= Beginning of Section =

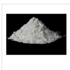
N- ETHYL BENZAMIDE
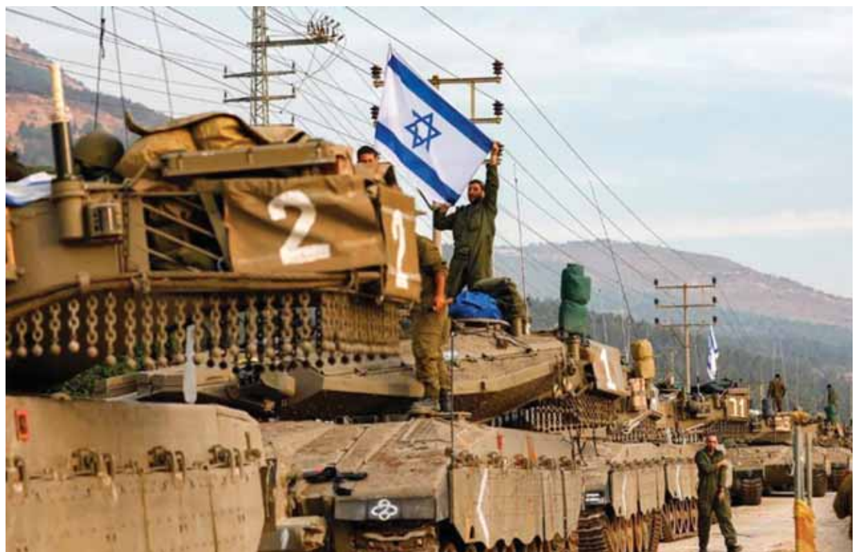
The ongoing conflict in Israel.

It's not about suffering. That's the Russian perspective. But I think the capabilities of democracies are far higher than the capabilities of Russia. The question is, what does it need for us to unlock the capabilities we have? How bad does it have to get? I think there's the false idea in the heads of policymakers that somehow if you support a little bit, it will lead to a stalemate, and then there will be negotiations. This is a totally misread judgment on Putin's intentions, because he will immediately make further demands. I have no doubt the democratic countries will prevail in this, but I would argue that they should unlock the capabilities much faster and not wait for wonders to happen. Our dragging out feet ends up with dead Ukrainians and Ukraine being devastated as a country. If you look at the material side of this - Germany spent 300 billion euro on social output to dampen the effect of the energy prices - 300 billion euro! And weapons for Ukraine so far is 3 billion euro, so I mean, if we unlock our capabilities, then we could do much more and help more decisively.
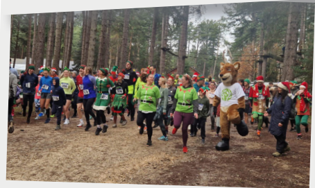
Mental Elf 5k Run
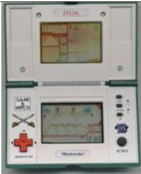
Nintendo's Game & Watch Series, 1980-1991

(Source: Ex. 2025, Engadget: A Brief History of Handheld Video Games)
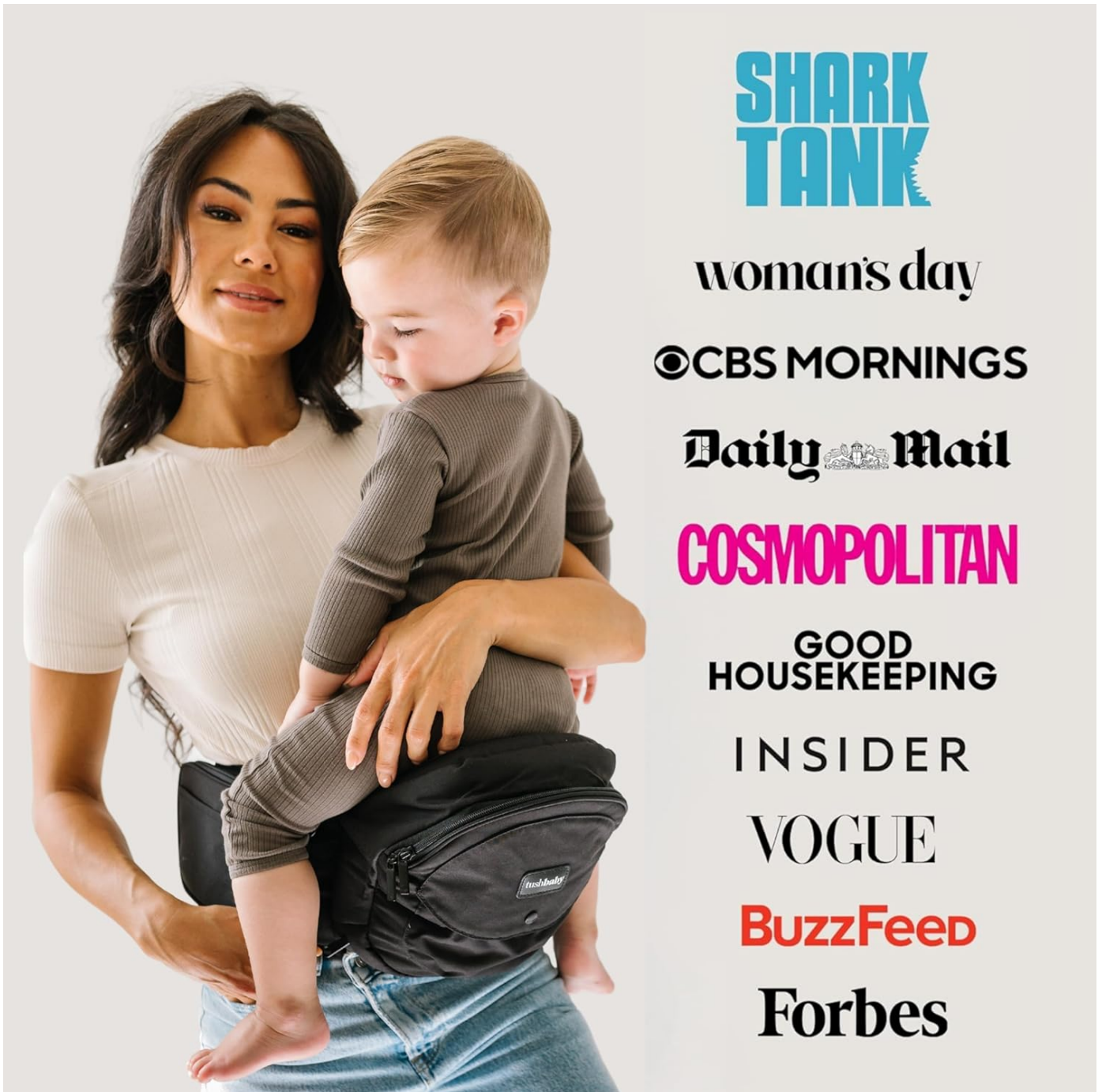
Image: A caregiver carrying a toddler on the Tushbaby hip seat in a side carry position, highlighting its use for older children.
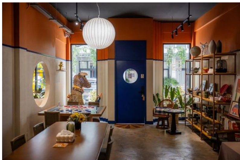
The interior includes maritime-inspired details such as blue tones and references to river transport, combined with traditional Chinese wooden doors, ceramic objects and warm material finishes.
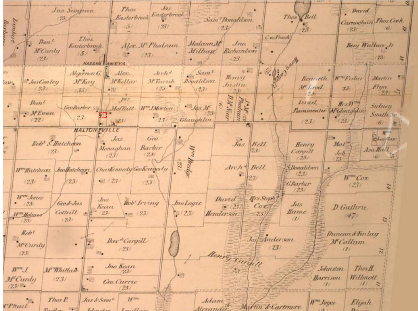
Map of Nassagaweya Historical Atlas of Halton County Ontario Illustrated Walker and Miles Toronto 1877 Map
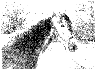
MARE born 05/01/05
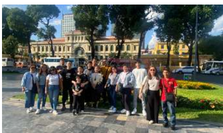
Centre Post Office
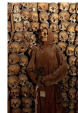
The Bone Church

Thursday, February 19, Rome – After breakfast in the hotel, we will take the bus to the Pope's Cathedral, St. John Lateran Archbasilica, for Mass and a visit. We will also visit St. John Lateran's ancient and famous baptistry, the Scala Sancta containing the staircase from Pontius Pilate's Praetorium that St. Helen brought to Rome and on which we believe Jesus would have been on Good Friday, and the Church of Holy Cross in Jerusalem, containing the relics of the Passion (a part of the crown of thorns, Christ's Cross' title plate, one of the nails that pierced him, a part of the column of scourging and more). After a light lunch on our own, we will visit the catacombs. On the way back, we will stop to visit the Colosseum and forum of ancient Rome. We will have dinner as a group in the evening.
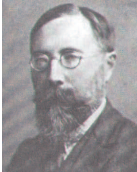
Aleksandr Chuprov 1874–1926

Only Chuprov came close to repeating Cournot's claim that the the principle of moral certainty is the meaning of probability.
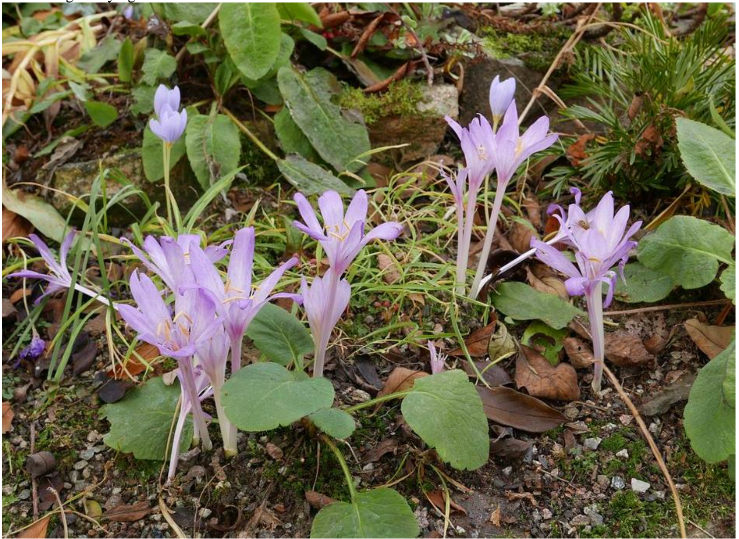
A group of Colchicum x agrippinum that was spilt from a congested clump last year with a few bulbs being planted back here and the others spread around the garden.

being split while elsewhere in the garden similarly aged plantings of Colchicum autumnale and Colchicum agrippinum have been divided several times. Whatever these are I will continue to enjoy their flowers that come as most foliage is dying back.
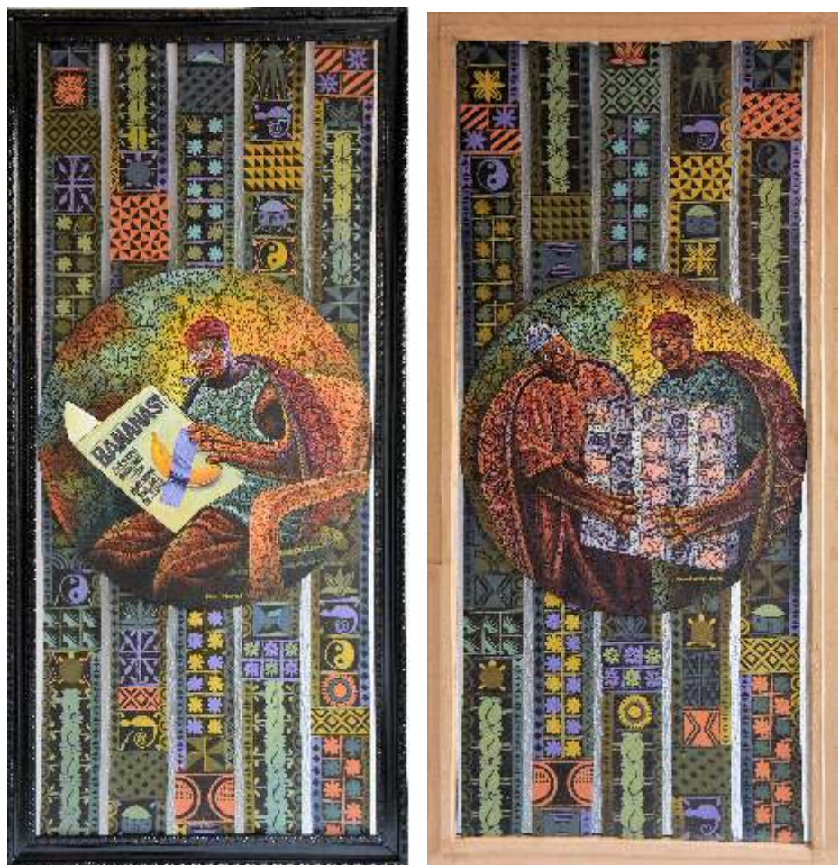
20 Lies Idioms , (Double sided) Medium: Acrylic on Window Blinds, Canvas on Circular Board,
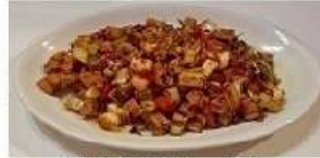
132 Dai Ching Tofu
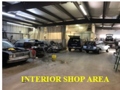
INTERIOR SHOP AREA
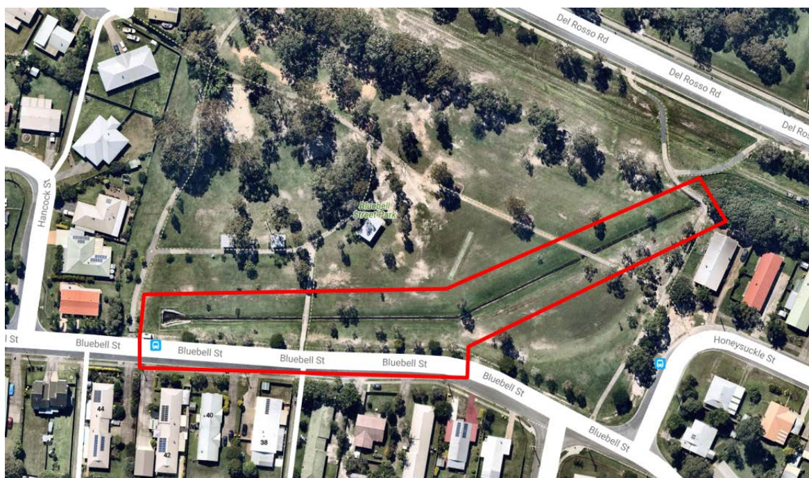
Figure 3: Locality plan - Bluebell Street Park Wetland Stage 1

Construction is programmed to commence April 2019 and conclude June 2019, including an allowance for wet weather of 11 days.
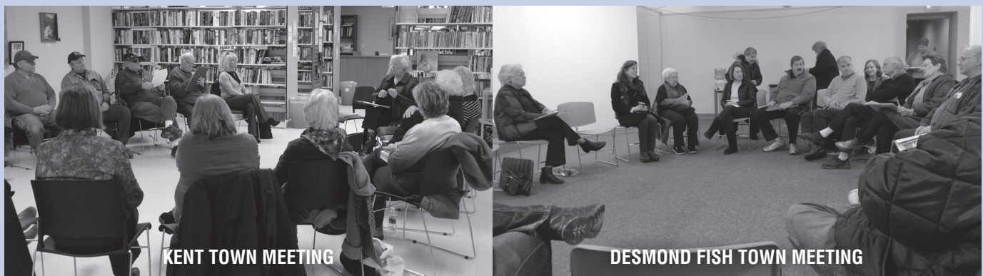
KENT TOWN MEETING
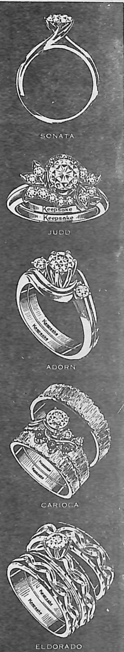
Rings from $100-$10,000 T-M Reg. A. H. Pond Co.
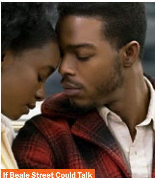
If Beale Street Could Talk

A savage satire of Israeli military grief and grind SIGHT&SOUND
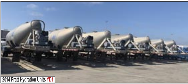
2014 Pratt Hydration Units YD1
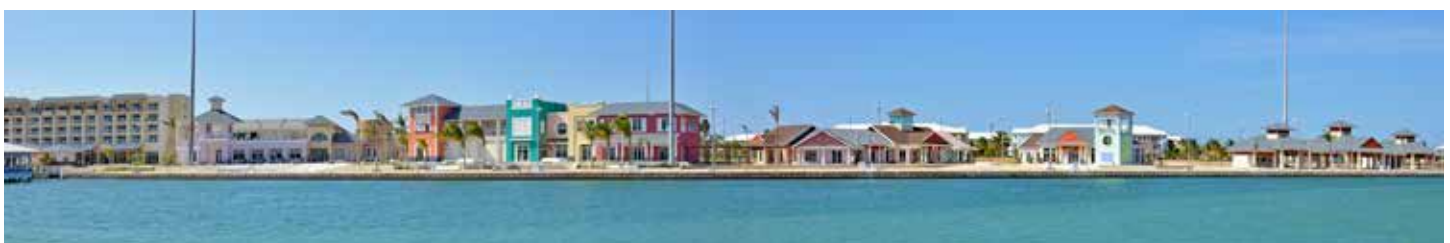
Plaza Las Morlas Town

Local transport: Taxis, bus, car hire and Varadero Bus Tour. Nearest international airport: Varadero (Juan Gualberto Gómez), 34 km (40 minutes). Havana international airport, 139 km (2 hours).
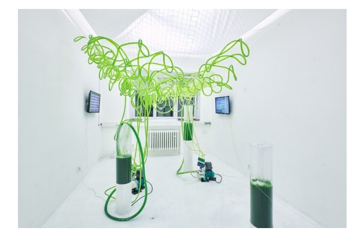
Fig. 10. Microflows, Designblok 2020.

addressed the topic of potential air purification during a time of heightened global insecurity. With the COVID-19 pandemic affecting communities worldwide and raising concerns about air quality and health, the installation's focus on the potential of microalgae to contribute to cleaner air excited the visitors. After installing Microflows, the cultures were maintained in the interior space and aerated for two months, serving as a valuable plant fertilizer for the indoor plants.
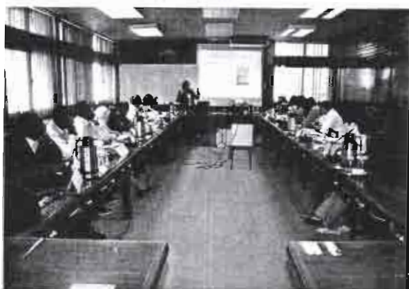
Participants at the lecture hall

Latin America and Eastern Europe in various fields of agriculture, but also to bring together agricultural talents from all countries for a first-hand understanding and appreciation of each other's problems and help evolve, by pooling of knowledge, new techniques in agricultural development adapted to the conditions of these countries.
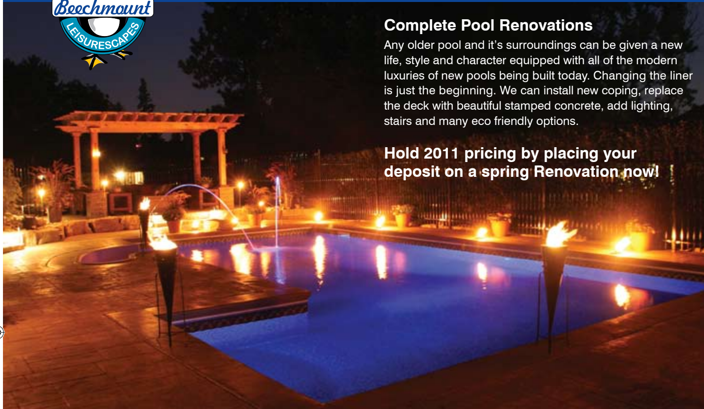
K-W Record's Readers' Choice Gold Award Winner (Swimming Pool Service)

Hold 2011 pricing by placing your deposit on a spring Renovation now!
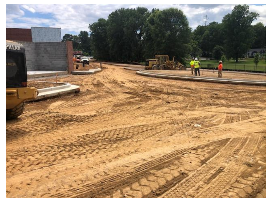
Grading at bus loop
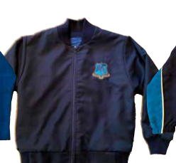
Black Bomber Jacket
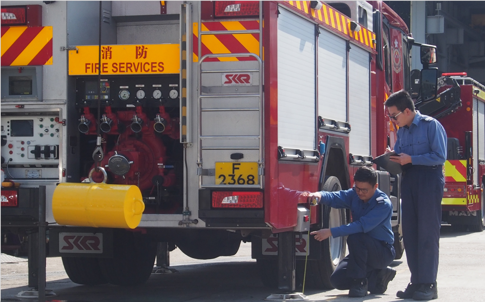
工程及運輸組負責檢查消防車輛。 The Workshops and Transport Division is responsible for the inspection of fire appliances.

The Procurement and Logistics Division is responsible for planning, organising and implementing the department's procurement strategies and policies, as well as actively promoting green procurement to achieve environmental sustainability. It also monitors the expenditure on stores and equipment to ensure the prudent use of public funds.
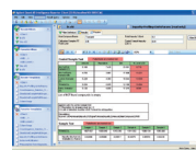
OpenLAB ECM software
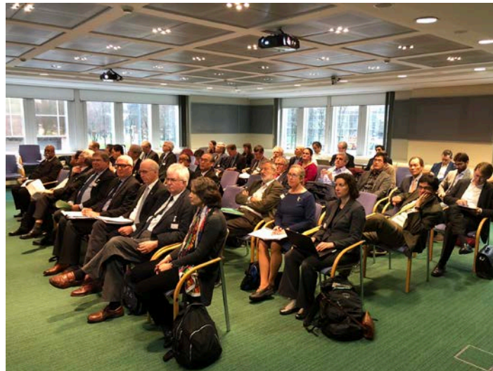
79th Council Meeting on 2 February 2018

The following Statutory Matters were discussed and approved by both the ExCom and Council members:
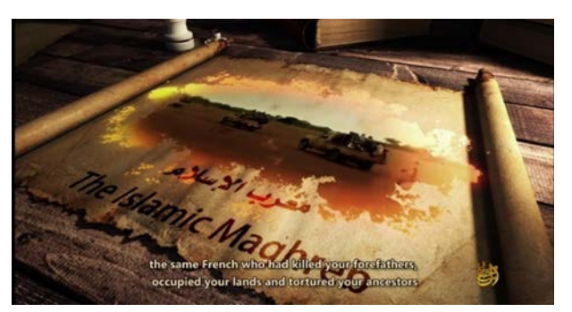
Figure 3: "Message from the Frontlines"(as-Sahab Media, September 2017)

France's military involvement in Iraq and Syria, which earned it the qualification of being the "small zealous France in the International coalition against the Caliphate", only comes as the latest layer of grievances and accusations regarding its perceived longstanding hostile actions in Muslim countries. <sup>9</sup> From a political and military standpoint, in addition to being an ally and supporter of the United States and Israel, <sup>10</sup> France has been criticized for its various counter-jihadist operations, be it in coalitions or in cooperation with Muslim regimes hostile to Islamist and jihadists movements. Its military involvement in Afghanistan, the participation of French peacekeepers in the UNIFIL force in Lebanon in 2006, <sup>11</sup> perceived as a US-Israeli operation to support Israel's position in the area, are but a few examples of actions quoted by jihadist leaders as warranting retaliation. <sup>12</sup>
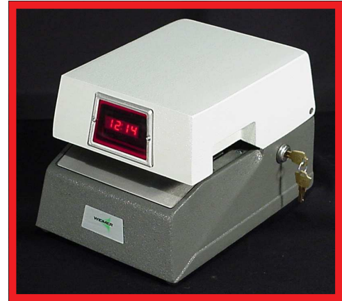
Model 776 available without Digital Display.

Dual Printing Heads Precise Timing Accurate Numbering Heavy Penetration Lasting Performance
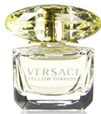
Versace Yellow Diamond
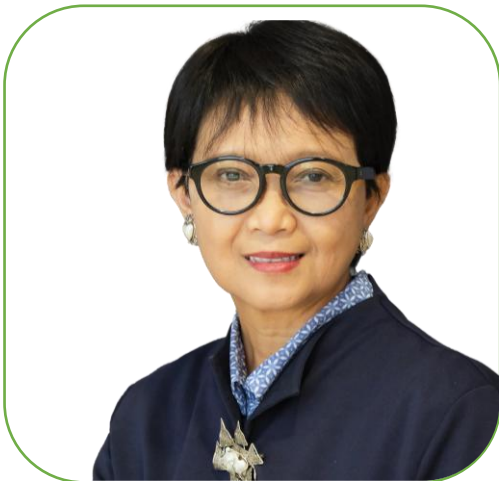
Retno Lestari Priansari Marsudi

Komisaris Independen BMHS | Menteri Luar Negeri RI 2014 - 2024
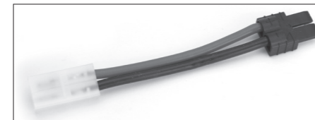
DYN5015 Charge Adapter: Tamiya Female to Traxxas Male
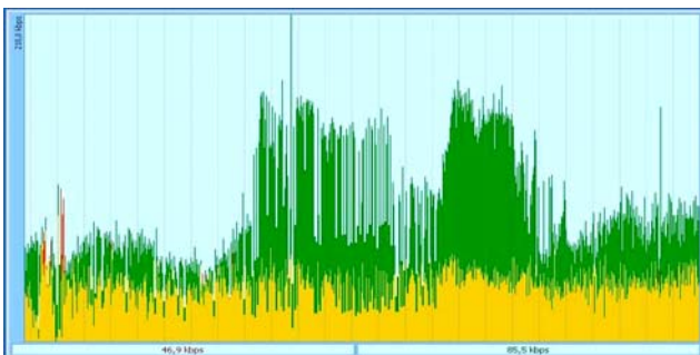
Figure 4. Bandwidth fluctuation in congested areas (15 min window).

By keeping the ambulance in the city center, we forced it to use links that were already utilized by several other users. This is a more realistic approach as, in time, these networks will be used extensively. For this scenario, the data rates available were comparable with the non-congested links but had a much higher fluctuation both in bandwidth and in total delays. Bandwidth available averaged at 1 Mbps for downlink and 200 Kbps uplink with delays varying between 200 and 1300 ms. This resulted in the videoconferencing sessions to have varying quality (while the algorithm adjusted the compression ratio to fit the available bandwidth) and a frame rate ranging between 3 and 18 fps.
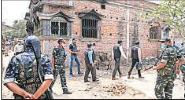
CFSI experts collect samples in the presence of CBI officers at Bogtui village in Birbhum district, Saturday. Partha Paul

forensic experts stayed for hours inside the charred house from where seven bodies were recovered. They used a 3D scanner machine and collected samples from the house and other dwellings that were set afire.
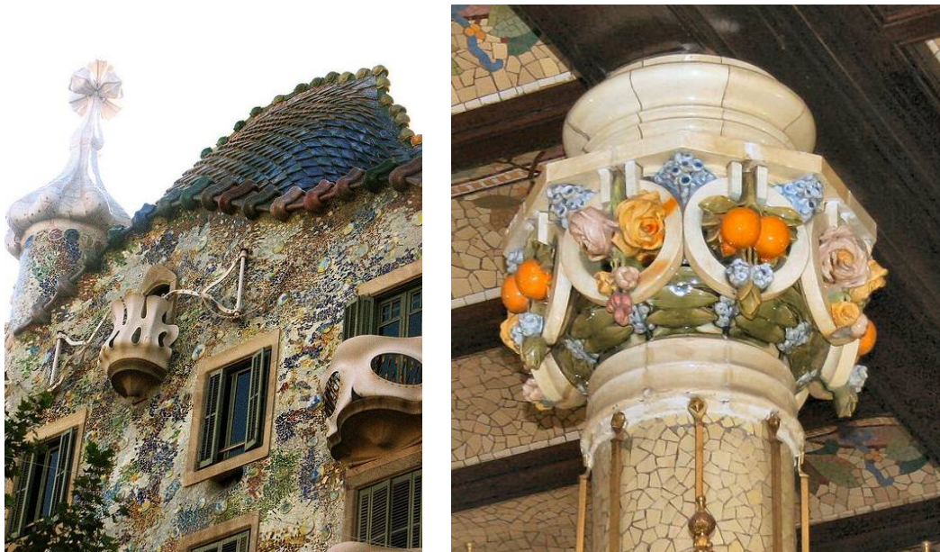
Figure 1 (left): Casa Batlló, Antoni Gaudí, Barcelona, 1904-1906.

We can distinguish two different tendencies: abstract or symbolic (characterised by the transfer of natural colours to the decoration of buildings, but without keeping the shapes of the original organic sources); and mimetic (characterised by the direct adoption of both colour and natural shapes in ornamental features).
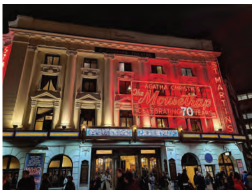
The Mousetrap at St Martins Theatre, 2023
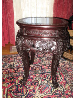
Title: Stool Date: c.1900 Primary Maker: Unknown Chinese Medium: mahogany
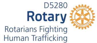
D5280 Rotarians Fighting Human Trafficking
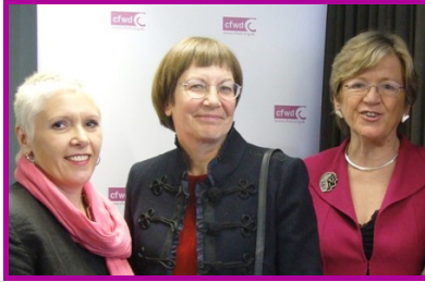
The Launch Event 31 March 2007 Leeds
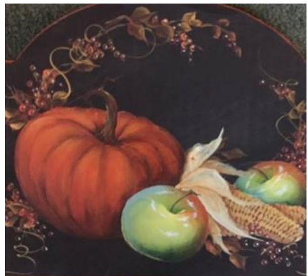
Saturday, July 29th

= End of Section =

**What you will do:**
Up to and including the line that holds "The ongoing conflict in Israel.", restate word for word each line of the records from their start, and only those lines, leaving out the pictures.

**Response:**
N- ETHYL BENZAMIDE
The ongoing conflict in Israel.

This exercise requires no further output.